December 12, 2017

Kitchen Sponges – Causing More Harm than Good?

By Rebecca Alexander

What seems like a convenient cleaning product may be causing more harm than good. In this expert Q&A with Jacie C. Volkman, Director of Infection Prevention and Epidemiology at Mission Health, learn how a kitchen sponge can be harboring more bacteria than a household toilet.

Q: How disgusting can sponges truly get?

A: According to a 2017 study conducted by Scientific Reports, sponges can house more bacteria than your toilet. Sponges have the second highest rate of harboring bacteria out of household products, the No. 1 being the drain trap.

Q: Can the bacteria in sponges be harmful to humans?

A: Yes, sponges can harbor pathogenic bacteria, which has been known to cause diseases such as E. coli and salmonella. Not only do kitchen sponges house this bacteria, but also can contribute to cross-contamination since sponges can spread the bacteria over kitchen surfaces and hands.

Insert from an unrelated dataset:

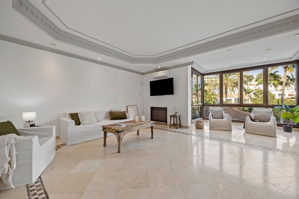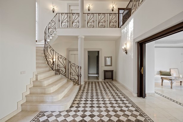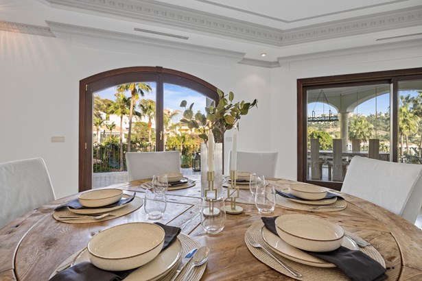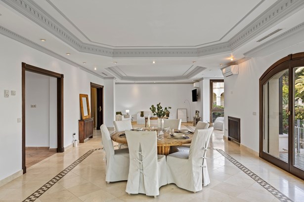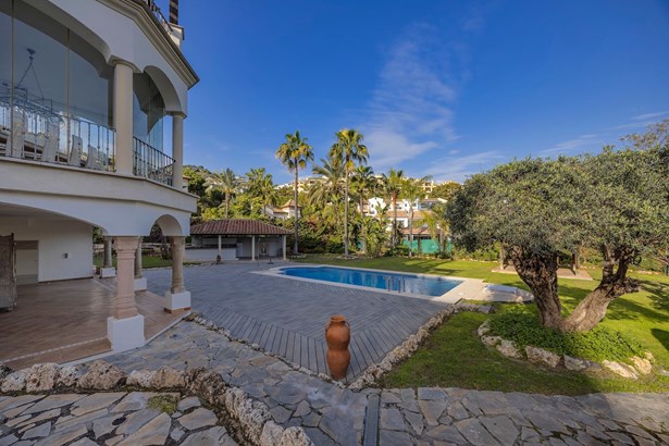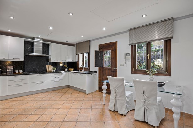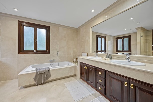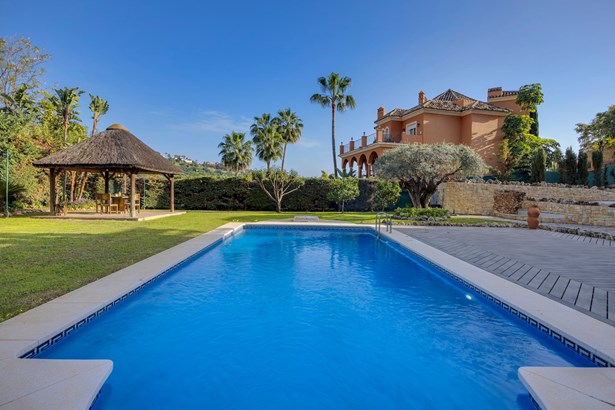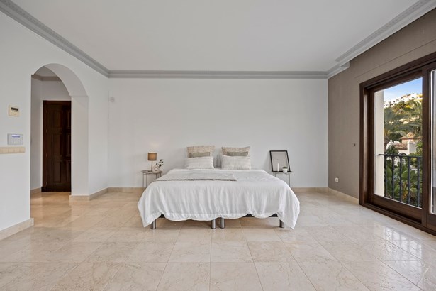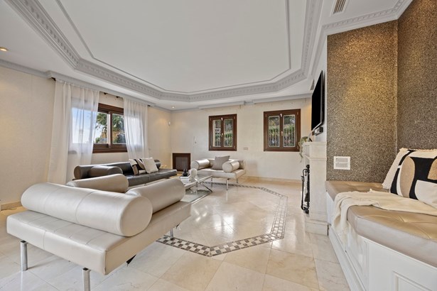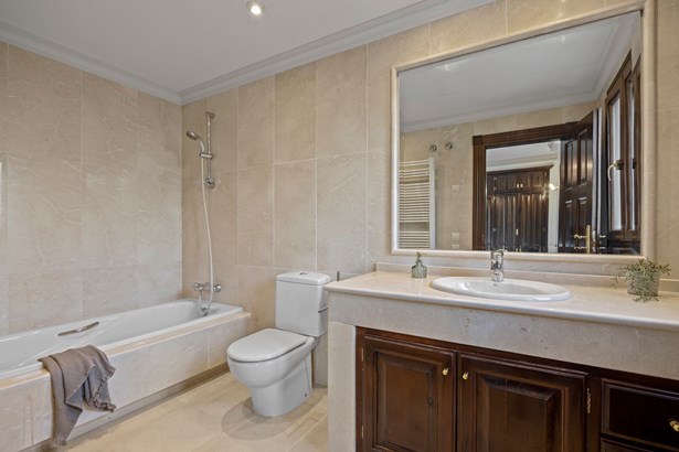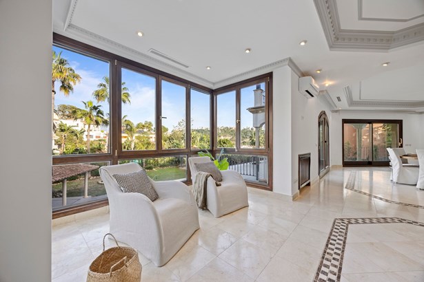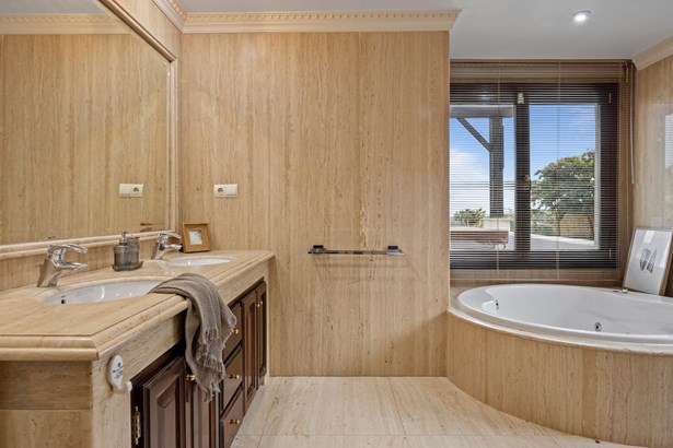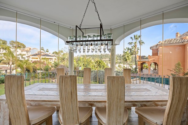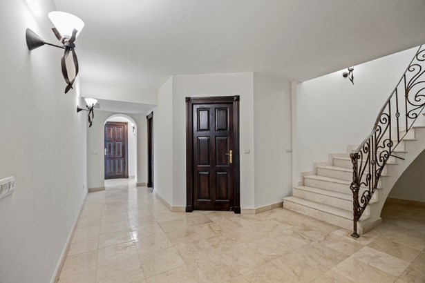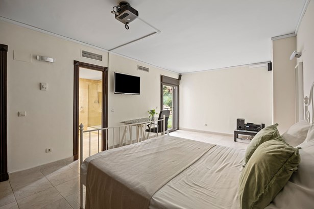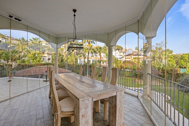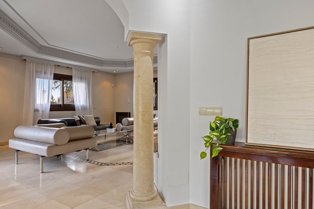 An architectural gem with character and investment potentialStep into this remarkable family villa nestled within the prestigious Los Arqueros Golf & Country Club. Boasting a unique architectural design and generous living spaces, this property offers limitless potential—whether for comfortable living or as a high-return investment.The entrance level welcomes you with a grand double-height foyer featuring soaring ceilings and a striking marble staircase. The open layout flows seamlessly into a bright living area comprising a spacious lounge, dining space, and an enclosed terrace ideal as a winter garden. A cozy corner with a fireplace adds warmth and charm. This floor also includes a fully equipped kitchen, a guest toilet, and a bedroom with an en-suite bathroom and direct access to the terrace.Upstairs, the master suite stands out with its private terrace, sunbathing area, and jacuzzi. Two additional en-suite bedrooms each enjoy their own private terraces and ample built-in ward

Q: Does sanitizing sponges actually work? Such as boiling them in water or microwaving them?

A: While sanitization by boiling or microwaving can significantly lower the amount of bacteria in a sponge momentarily, from a long-term perspective sanitizing doesn’t seem sufficient because of how quickly the bacteria can grow back.

Q: What can a person do to prevent a sponge from getting gross?

A: One option you can do is to change out your sponge frequently, Scientific Reports suggest weekly. Personally, I prefer the brushes that you can clean in the dishwasher rather than a sponge.


Jacie C. Volkman, MPH, CIC, is Director of Infection Prevention and Epidemiology at Mission Health.